Required work:
Using the material below, repeat exactly the lines from the one with "22 Июн 2013" through the one with "Wide Cuff Design", ends included, without any images.

++++ Excerpted records ++++

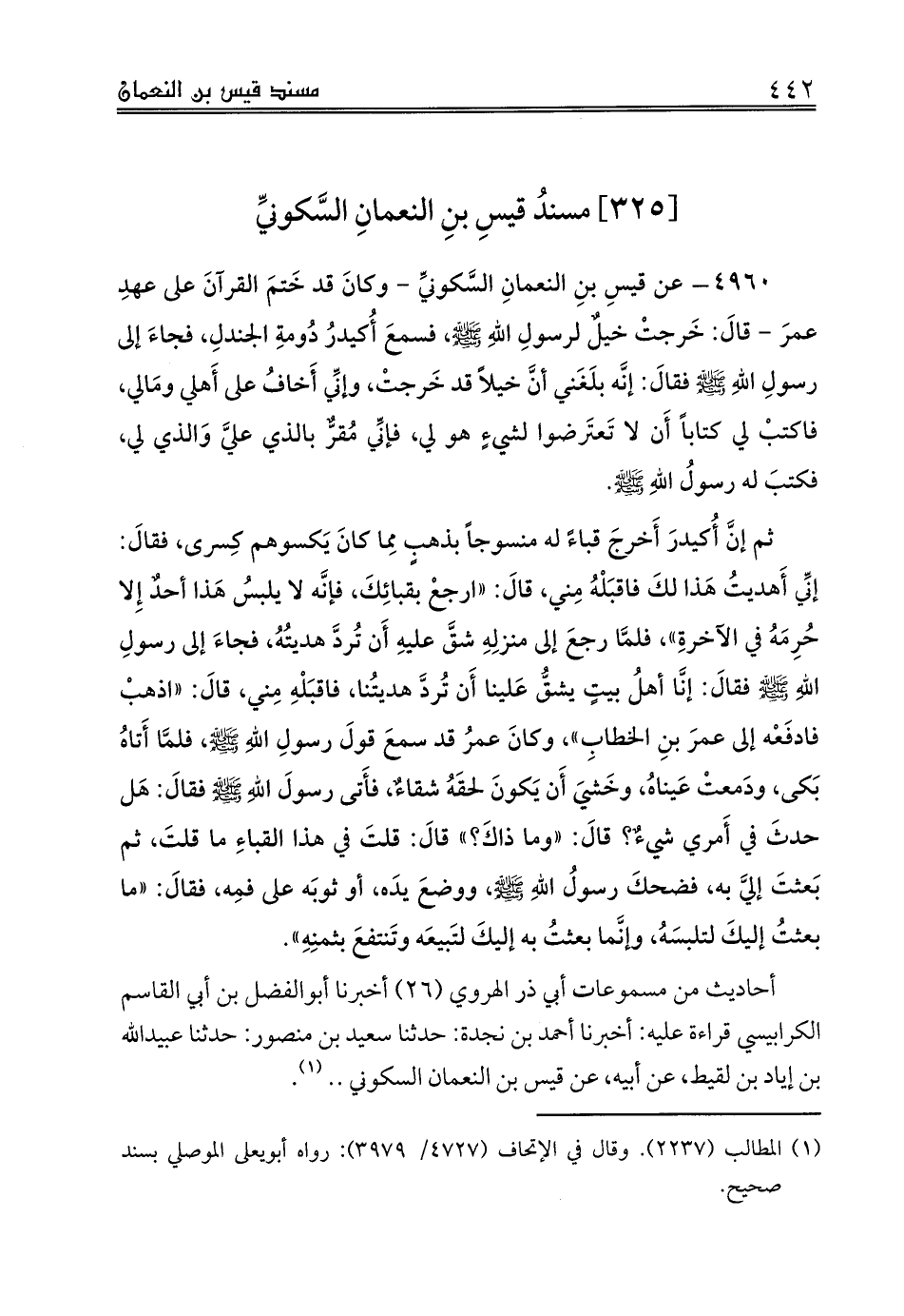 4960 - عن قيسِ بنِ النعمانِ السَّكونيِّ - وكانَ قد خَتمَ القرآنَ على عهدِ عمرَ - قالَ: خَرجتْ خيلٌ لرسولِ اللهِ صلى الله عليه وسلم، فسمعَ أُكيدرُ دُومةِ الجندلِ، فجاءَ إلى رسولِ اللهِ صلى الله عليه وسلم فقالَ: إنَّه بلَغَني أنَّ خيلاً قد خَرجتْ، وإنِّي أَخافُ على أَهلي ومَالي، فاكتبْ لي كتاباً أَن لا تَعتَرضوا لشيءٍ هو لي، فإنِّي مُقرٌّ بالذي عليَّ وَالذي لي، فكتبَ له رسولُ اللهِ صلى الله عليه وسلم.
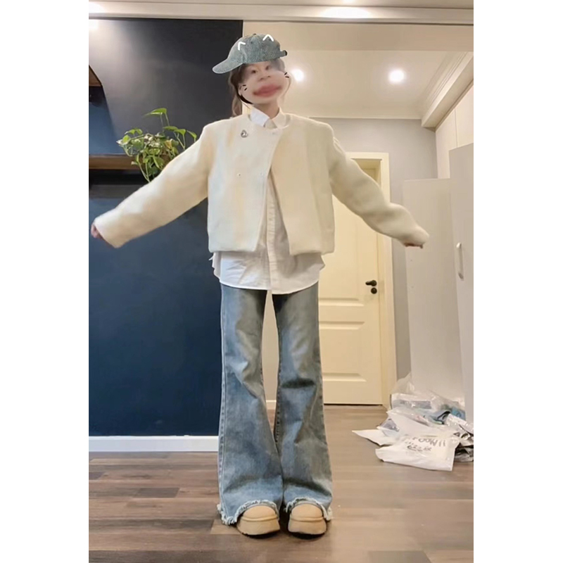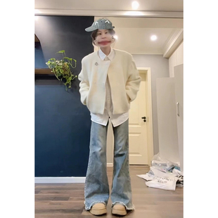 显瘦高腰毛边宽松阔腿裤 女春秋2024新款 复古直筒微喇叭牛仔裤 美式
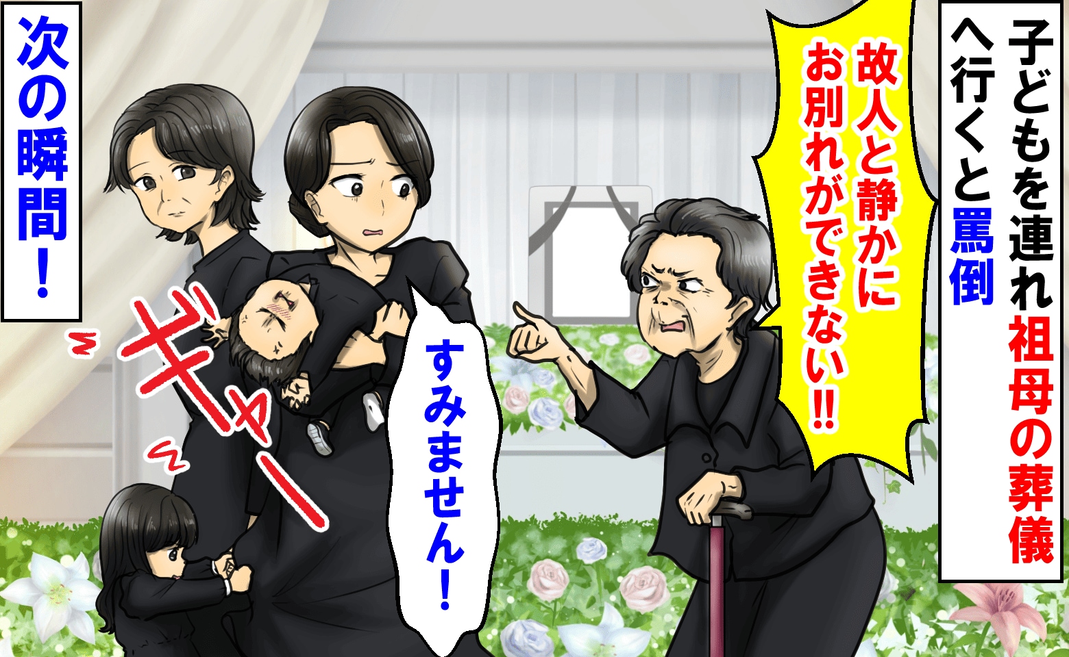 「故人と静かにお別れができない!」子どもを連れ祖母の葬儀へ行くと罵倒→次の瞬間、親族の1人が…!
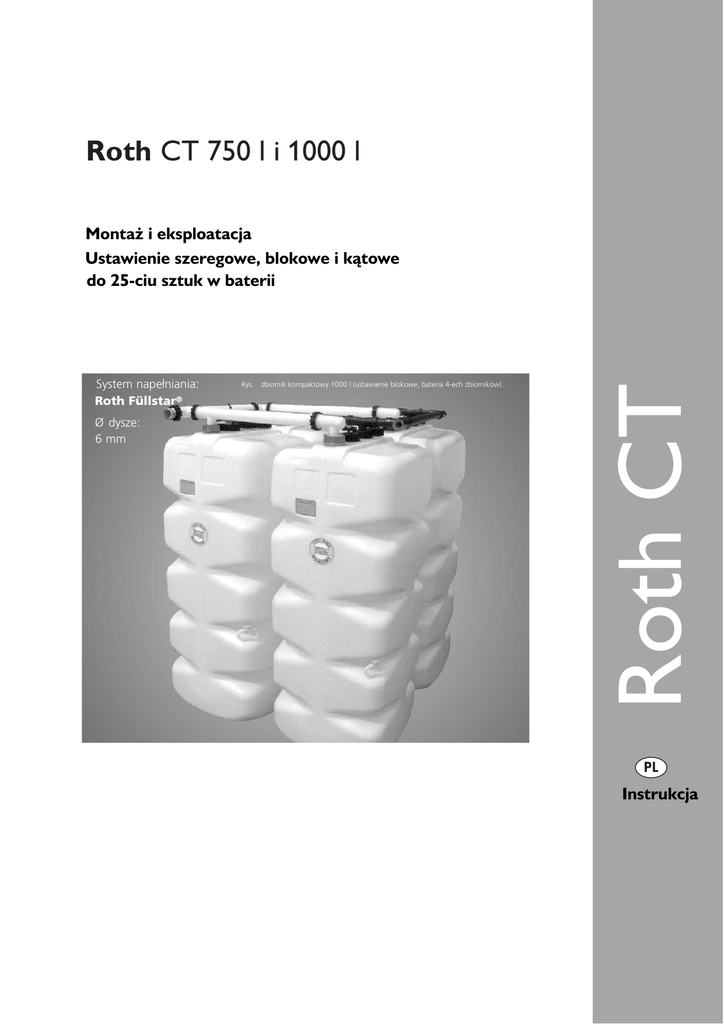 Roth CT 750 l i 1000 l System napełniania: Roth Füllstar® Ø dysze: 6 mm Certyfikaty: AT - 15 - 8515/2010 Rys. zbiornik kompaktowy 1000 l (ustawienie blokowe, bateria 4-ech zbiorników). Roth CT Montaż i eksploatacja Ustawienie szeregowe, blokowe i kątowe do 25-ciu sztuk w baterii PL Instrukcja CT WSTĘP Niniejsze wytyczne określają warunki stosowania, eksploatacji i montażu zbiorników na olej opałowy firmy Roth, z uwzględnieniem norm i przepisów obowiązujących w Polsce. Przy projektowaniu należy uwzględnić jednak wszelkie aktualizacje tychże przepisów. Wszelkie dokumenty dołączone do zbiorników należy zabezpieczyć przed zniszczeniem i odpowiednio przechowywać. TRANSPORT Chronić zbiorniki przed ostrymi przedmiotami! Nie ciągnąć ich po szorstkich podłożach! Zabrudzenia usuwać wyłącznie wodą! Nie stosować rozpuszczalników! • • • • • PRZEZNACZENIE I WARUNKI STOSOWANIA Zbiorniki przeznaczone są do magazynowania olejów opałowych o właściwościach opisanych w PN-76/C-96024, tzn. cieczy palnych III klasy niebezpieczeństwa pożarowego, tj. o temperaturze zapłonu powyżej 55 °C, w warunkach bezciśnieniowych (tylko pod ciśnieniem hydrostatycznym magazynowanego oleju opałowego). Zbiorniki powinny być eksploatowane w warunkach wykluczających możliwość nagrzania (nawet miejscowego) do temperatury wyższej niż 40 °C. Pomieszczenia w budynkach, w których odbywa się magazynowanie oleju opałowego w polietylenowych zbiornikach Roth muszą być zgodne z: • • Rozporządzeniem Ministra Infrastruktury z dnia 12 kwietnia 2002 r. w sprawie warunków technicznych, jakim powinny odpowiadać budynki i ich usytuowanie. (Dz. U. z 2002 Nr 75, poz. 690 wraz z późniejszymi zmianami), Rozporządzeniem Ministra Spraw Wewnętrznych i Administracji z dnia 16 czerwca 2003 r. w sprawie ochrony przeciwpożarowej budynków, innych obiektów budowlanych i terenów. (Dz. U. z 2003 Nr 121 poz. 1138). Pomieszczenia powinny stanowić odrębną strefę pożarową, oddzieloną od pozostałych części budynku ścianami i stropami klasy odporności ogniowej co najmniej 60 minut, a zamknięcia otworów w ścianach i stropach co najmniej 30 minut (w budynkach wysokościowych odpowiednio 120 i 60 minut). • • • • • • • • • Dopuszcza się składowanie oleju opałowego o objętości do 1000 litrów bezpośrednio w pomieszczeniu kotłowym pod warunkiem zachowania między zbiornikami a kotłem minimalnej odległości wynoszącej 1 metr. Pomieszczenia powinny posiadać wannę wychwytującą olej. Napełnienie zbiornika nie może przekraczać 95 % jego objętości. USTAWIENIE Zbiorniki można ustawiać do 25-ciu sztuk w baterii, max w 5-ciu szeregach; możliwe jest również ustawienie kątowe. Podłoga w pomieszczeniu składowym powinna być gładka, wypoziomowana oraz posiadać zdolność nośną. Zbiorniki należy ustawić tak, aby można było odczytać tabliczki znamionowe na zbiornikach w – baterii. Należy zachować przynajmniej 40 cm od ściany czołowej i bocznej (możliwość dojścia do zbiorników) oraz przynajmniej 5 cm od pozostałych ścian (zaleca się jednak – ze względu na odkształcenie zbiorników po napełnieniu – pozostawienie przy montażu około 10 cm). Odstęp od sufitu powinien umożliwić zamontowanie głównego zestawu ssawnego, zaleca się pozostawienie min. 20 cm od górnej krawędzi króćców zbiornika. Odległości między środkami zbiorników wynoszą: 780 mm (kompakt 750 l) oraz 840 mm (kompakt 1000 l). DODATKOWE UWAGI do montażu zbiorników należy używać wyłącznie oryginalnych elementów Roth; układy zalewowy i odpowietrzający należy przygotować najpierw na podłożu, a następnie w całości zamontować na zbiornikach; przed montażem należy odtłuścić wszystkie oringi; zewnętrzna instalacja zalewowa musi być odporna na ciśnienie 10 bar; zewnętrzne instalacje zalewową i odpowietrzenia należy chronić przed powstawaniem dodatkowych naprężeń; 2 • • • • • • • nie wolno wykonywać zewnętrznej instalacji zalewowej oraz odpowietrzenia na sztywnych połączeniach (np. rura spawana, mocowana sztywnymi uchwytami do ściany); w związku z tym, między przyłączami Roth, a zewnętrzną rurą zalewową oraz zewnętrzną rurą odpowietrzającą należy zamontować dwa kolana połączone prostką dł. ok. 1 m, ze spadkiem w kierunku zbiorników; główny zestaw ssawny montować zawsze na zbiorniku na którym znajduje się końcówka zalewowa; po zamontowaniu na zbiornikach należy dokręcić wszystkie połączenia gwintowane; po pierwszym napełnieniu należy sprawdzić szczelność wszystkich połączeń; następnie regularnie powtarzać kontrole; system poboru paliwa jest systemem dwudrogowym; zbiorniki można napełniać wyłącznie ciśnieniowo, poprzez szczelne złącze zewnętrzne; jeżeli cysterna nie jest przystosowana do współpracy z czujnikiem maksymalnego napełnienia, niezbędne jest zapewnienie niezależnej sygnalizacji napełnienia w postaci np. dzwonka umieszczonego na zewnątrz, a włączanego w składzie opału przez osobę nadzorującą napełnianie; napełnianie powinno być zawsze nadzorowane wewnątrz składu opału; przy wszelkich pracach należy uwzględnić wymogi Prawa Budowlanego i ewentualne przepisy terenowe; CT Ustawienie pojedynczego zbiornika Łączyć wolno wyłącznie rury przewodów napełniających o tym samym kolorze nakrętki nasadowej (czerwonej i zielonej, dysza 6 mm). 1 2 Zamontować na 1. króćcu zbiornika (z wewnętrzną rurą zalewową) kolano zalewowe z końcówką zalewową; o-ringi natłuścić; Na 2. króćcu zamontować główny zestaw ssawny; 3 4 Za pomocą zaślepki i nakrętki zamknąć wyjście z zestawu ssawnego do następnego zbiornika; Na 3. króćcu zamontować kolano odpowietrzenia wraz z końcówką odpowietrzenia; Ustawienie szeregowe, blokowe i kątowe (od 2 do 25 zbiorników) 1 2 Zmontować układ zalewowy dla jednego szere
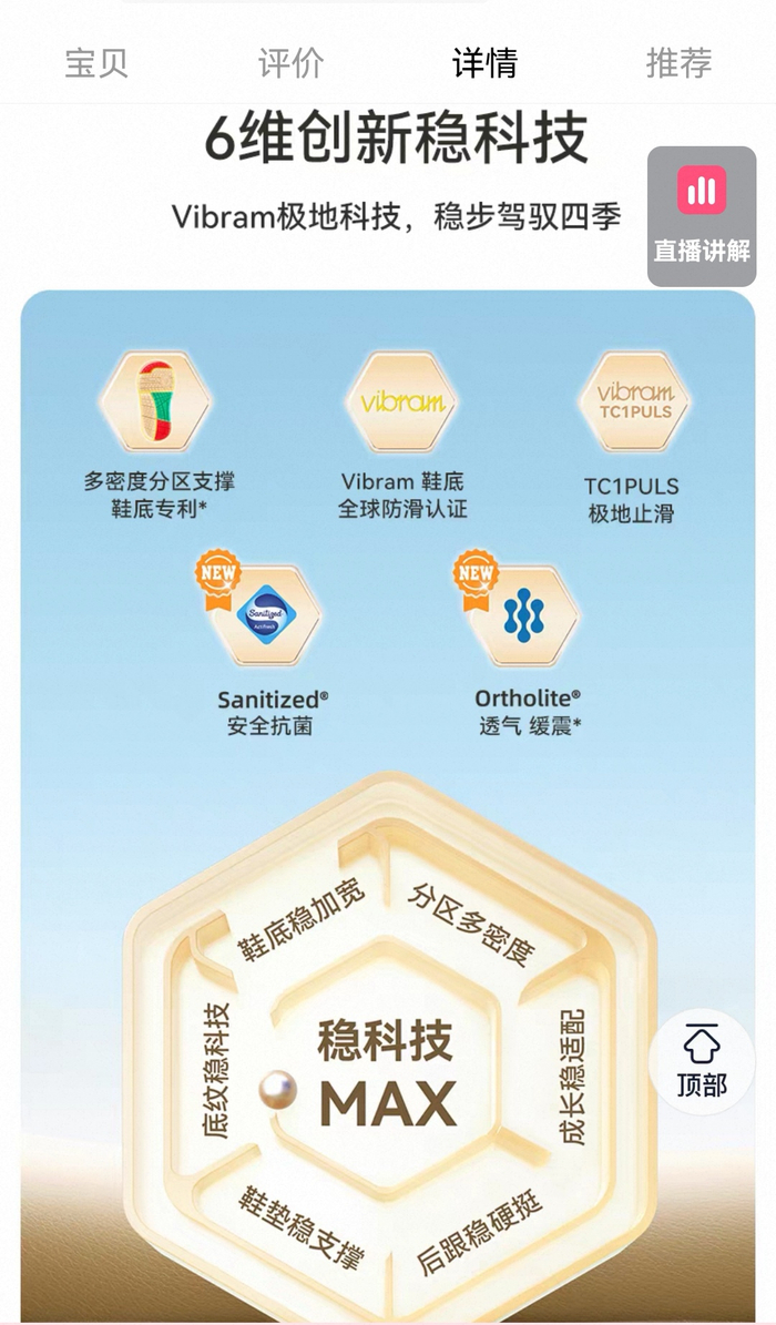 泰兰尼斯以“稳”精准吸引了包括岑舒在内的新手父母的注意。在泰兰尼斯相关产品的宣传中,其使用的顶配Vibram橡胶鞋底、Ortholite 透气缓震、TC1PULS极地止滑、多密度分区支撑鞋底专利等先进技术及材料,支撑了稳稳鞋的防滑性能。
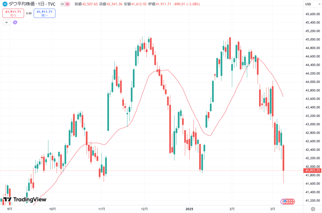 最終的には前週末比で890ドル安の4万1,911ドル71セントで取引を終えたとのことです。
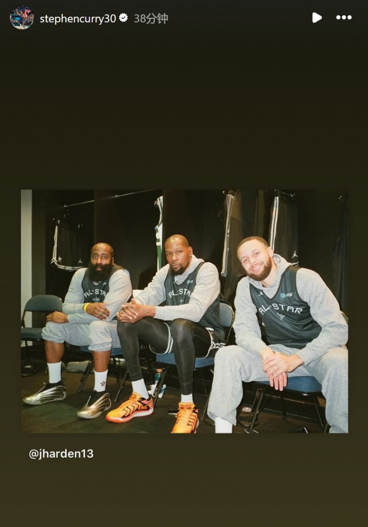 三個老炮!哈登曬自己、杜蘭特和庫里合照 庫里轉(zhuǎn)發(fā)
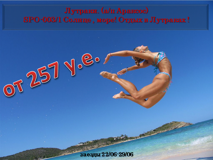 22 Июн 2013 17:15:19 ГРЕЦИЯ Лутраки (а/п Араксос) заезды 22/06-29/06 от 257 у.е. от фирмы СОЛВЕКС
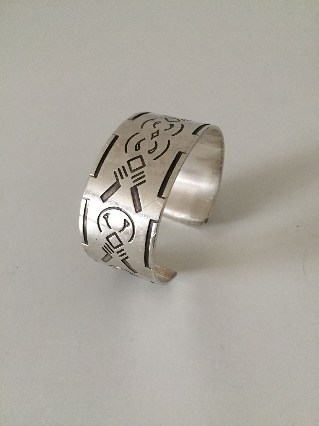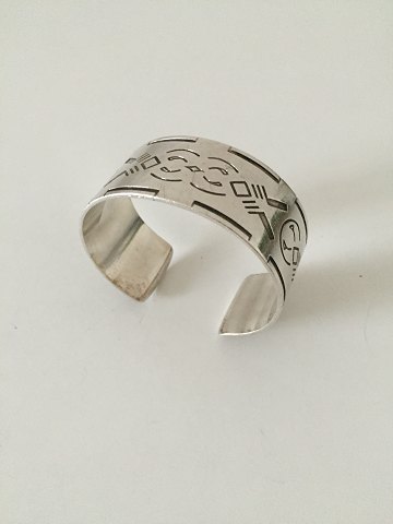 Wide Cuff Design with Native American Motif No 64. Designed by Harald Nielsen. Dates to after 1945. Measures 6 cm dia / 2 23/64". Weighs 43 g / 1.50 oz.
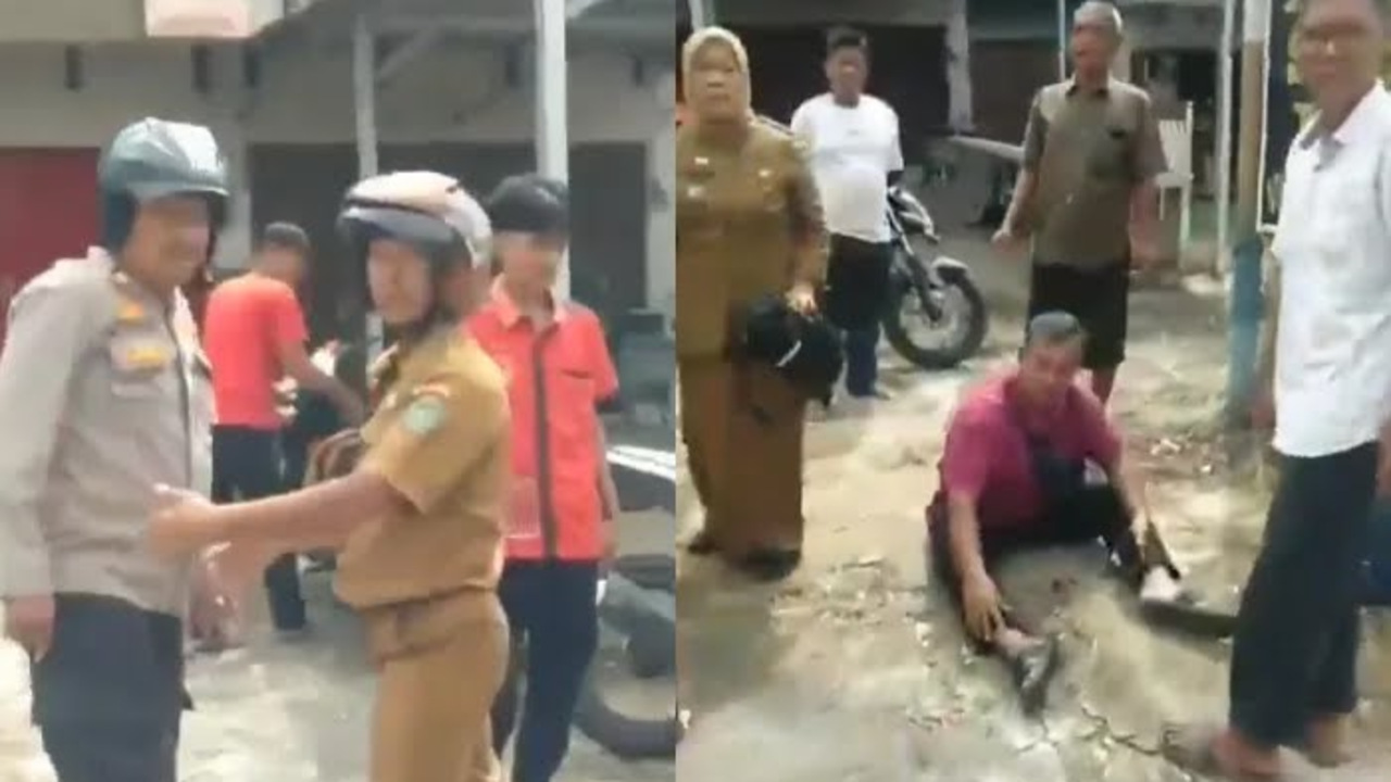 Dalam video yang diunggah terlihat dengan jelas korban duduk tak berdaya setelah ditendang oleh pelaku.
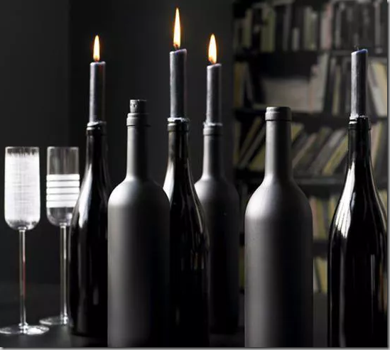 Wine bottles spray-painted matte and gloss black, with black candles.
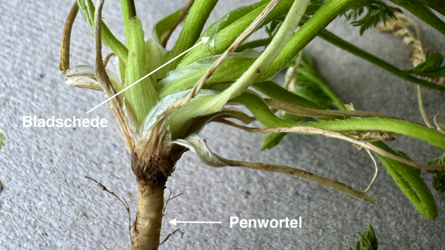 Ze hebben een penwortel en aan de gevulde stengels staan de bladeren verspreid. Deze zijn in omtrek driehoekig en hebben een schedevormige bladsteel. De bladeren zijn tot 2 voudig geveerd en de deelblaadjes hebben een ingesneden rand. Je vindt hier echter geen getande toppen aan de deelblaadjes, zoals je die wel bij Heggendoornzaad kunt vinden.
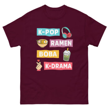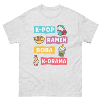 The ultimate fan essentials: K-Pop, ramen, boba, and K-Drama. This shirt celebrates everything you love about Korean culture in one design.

++++

Result of this task:
 22 Июн 2013 17:15:19 ГРЕЦИЯ Лутраки (а/п Араксос) заезды 22/06-29/06 от 257 у.е. от фирмы СОЛВЕКС
 Wide Cuff Design with Native American Motif No 64. Designed by Harald Nielsen. Dates to after 1945. Measures 6 cm dia / 2 23/64". Weighs 43 g / 1.50 oz.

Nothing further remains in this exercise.